遺跡の町

☆レイヤー
 僕の町は遺跡だった。 「たった一つ遺跡がある」なんてちゃっちいもんじゃあない。有史以来一度の地震もハリケーンにもあっていない安定した谷間で、街全体が遺跡の上に遺跡が重ねられた複合遺跡だった。僕の家も200年前の家の壊れやすい部分を取り除いてその上に重ねられている。当時使っていた階層のうちの2階分は今も使用可能で、僕の部屋は実はひいおじいちゃんの時代には居間だったらしい。さらに下にはまた数百年前の階層、更に下にはさらに数百年前という具合に、様式も建材も雑多な構築物が複雑に絡み合い、高層であればあるほど価値が高いとされていた。

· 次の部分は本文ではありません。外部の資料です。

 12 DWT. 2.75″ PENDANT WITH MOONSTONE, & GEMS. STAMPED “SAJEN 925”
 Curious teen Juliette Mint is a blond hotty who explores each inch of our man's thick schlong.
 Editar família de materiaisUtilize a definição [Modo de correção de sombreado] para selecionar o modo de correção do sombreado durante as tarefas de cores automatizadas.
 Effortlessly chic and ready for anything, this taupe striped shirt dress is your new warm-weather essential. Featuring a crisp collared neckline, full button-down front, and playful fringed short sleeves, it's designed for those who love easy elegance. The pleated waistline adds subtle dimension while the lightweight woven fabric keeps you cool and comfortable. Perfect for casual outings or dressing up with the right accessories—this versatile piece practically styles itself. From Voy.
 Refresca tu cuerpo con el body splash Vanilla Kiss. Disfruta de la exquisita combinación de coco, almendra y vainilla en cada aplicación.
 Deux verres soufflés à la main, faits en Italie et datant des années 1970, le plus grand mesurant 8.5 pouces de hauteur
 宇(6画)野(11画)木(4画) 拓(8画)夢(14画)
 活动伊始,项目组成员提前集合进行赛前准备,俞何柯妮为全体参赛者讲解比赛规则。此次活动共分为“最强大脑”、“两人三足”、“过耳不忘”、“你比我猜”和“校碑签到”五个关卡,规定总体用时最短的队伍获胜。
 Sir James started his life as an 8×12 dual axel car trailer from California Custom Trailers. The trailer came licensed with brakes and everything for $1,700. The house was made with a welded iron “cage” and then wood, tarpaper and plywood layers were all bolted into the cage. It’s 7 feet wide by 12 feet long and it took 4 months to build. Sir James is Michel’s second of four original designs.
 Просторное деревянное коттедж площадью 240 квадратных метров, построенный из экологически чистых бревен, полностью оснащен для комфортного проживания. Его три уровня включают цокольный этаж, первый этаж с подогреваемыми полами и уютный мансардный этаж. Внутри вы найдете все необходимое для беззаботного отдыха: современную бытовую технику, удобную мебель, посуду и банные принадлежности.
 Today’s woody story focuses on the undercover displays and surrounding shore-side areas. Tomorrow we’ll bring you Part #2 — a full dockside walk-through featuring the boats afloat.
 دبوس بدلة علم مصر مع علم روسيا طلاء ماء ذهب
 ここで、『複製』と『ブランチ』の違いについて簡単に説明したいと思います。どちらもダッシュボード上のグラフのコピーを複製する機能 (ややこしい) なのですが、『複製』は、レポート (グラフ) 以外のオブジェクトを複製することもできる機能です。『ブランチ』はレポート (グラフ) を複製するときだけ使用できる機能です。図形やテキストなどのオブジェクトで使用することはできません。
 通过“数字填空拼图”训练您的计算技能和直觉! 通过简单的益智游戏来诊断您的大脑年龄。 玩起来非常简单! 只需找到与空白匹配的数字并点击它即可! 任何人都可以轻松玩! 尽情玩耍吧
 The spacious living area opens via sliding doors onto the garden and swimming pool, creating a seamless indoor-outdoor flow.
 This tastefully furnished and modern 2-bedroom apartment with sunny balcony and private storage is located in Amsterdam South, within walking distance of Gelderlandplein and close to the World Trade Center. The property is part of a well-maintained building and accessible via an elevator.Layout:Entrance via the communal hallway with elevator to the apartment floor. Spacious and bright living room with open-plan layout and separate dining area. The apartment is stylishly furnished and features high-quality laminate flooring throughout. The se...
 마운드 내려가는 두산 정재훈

もはやもともとの地表は目にはいらず、構築部同士を繋ぐ石の橋がいくつも点在している。狭い階段状になった道がもつれた蜘蛛の巣のように街中を這い回り、高いところから低いところへワイヤーロープが張られていた。慣れた大人は”レイヤー”と呼ばれるワイヤーを走る滑車を使って、(手でつかまる輪っかと足をひっかける輪っかがついている)2,3階層下へとすべり降りていった。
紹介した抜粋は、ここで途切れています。